--- START ---

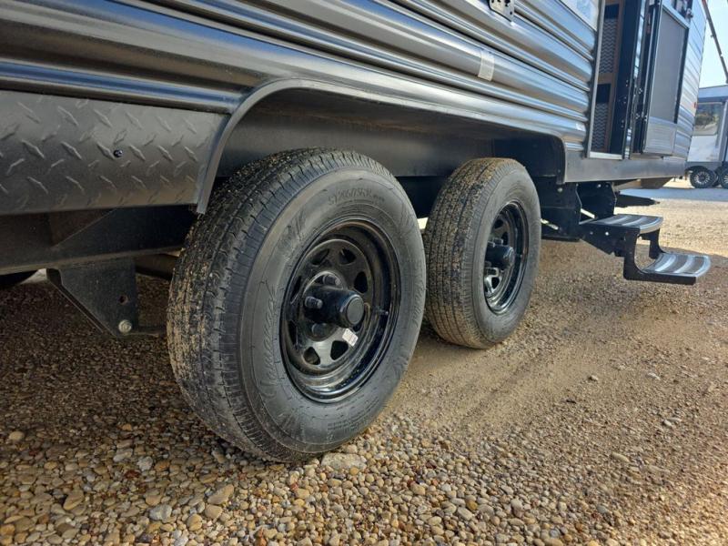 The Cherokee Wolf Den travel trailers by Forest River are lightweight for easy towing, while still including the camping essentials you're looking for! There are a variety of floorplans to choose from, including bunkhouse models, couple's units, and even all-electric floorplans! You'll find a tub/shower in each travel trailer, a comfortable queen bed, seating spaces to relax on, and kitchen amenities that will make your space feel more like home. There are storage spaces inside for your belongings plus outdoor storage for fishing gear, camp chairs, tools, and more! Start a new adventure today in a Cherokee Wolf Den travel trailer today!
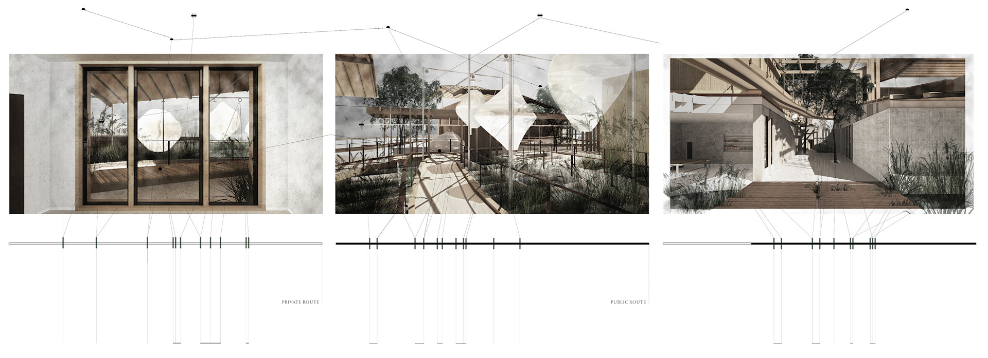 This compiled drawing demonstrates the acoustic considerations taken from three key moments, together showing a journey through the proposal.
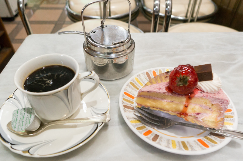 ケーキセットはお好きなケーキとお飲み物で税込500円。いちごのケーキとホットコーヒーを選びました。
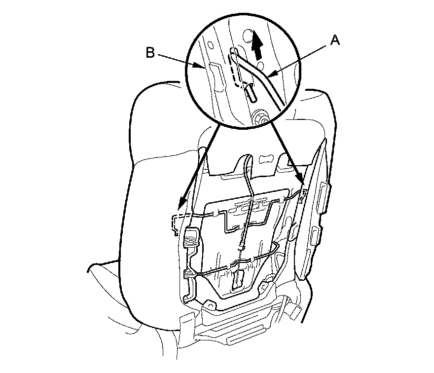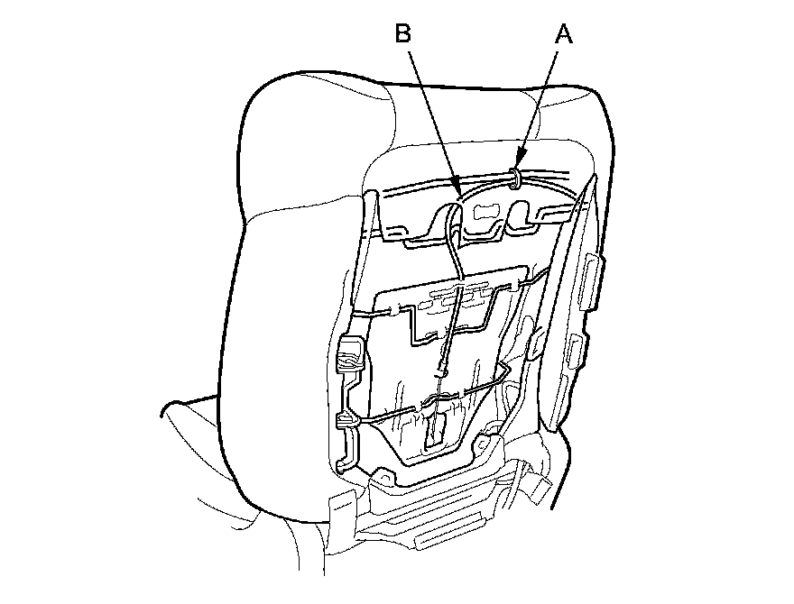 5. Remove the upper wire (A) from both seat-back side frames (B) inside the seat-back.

--- END ---

**Try it**
Exclude the pictures from the copy. Retype exactly the lines running from the one containing "ケーキセットはお好きなケーキ" through the last line of the listing.

**Exercise result**
 ケーキセットはお好きなケーキとお飲み物で税込500円。いちごのケーキとホットコーヒーを選びました。
 5. Remove the upper wire (A) from both seat-back side frames (B) inside the seat-back.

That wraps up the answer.